— В кабинете директора, где же еще, — пожал плечами одноклассник
— А почему на улице при всех ничего не рассказал? Я не понимаю!
— Зачем? — Кирилл резко остановился и повернулся на сто восемьдесят градусов, упираясь в меня глазами. Какие ресницы пышные, подумалось вдруг мне. И черты лица такие правильные, ровные. Год-другой, и этот мальчишка явно не будет отбоя иметь от девчонок. Разве что репутацию свою не испортит еще каким-нибудь подобным случаем.
— Ну как это…
— Смотрю я и думаю, что наивней тебя, только Ромашка. — Покачал головой Соболев, а затем как-то грустно вздохнул. Мне было сложно понять ход его мыслей, но мы разговаривали, и разговор наш был таким же теплым, как и глаза мальчишки. Впервые я чувствовала себя комфортно в его компании. Если бы мы только раньше вот так заговорили, ведь все могло сложиться иначе. Мы бы смогли стать друзьями, наверное. Но между мной и Кириллом всегда какая-то пропасть, порой мне кажется, что она слишком необъятна, чтобы ее переступить.
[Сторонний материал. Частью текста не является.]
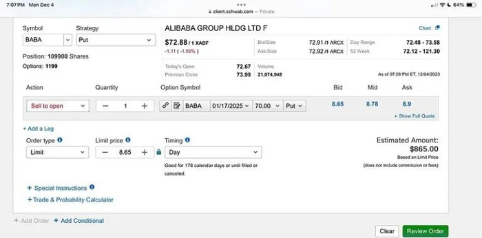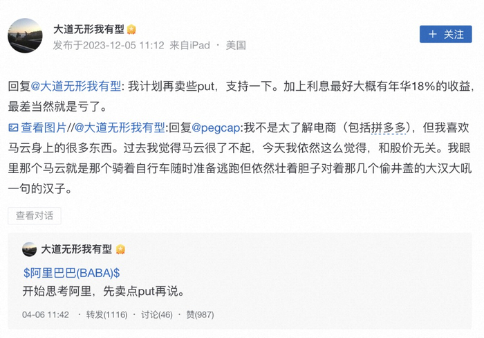 12月5日,段永平在雪球上,晒出一张交易图片,他在12月4日卖出阿里“看跌期权”。这意味着他看涨今后13个月阿里股价。

— Люди будут думать, что ты плохой. Они итак всякие глупости думают, — скрестила я руки на груди, и слегка выпучила нижнюю губу, выражая недовольство. Подул прохладный ветер и мои волосы, уложенные в скромную дулю, немного распушились.
— Люди, люди… — задумчиво произнес мальчишка, всматриваясь в мое бледное лицо. Никто и никогда так нагло не рассматривал меня, и я невольно смутилась. — Одни смотрят в лужу и видят в ней только грязь, а другие — отражающиеся в ней звезды. Бессмысленно оправдываться перед первыми, а вторые итак знают ответ сами.
— Сам придумал? — Чуть приподняла голову и посмотрела на Кирилла из-под ресниц. А потом котенок мяукнул, ерзая внутри куртки.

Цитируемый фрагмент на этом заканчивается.